Monday, June 22, 2020

COS Council gets briefed on plastic bag, excess revenue ballot measures

Posted By on Mon, Jun 22, 2020 at 12:43 PM

click to enlarge Mayor John Suthers calls for a ballot measure to retain excess revenue and reset the revenue cap. - FILE PHOTO
  • File photo
  • Mayor John Suthers calls for a ballot measure to retain excess revenue and reset the revenue cap.
Colorado Springs voters could be faced with several ballot measures during the Nov. 3 election.

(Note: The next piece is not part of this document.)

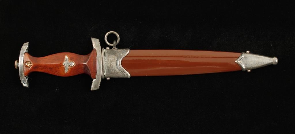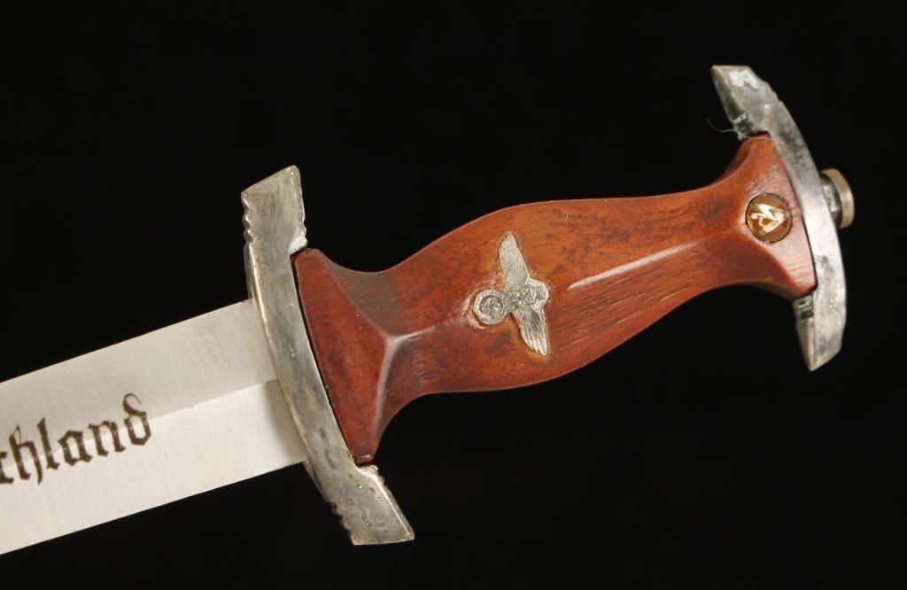 Miniature SA Sturm Abteilung Dagger & Scabbard. Measures 7 5/16" long overall. The etched steel blade reads 'Alles fur Deurschland' (Everything for Germany). It measures 5/*" wide by 4 1/4" long. Includes the brown painted steel scabbard that measures 3/4" wide by 4 7/8" long. All of the fittings are nickel construction. This was used as a salesman's sample. Offered "as is", we don't guarantee the authenticity of this item, please do your research. All sales are final.
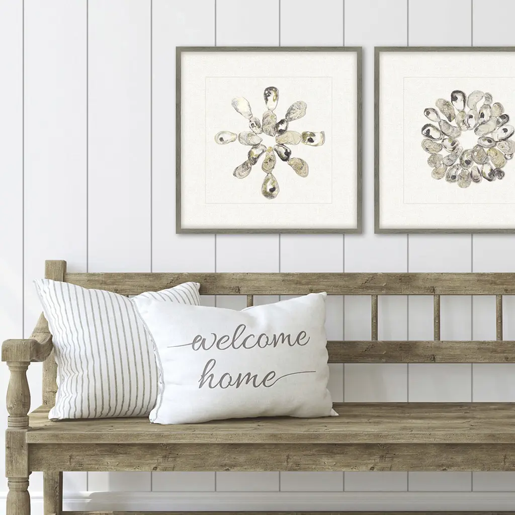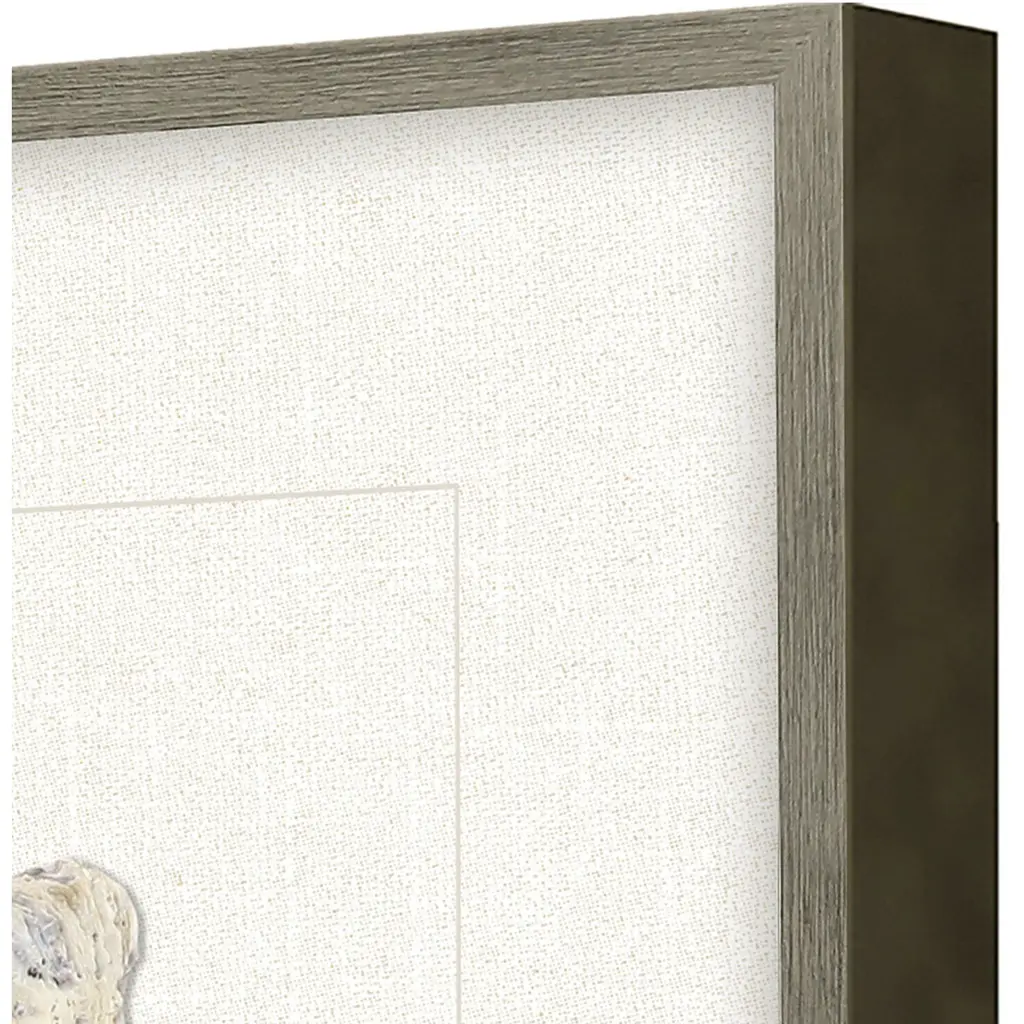 Natural oyster shells are mounted by hand onto a premium matboard. Framed in a block profile shadow box style wood in dark taupe.

City Council today, June 22, was to discuss three potential issues and vote in coming weeks whether to refer them to the ballot.

• TABOR retention and exemption measure — Mayor John Suthers wants voters to allow the city to keep $1.9 million collected above revenue limits imposed by the Taxpayer's Bill of Rights, and also prevent the recession caused by the coronavirus pandemic to reset the TABOR cap at a lower rate. The Council's backup material explains it like this:
Under Charter § 7-90 (g), the City’s authorized change in fiscal year spending and property tax revenues are both limited to inflation plus City growth, and any voter approved changes. Under Colo. Const. Art. X, § 20 (7) (b), City spending is similarly limited to inflation plus local growth and any voter approved revenue changes. The Finance Department has determined that the City’s 2019 revenues have exceeded or will be determined to exceed these limitations by approximately $1.9 million, and that there is a potential for property tax revenues to exceed the property tax revenue limitation in 2020 due to the 2019 reassessment, unless the voters approve the retention and spending of such revenues.

Due to the economic disruptions caused by the COVID-19 Pandemic, it is anticipated that City revenues and sales tax revenues in particular, will be down substantially for 2020, and likely substantially below the revenues that would be allowed to be retained and spent. However, because under TABOR, the following year’s revenue and spending limitations are based upon the prior year’s actual revenues or allowed revenues, whichever is lower, plus growth and inflation, the TABOR limits would be effectively lowered below the 2019 level and possibly prior levels. This effect during periods of economic recession has been called “ratcheting down”.

The Resolution before City Council would present a question to the voters, allowing the City to retain and spend the 2019 and 2020 revenues, as well as resetting the revenue limitations for 2021 and later years based upon the higher of the 2019 or 2020 revenues.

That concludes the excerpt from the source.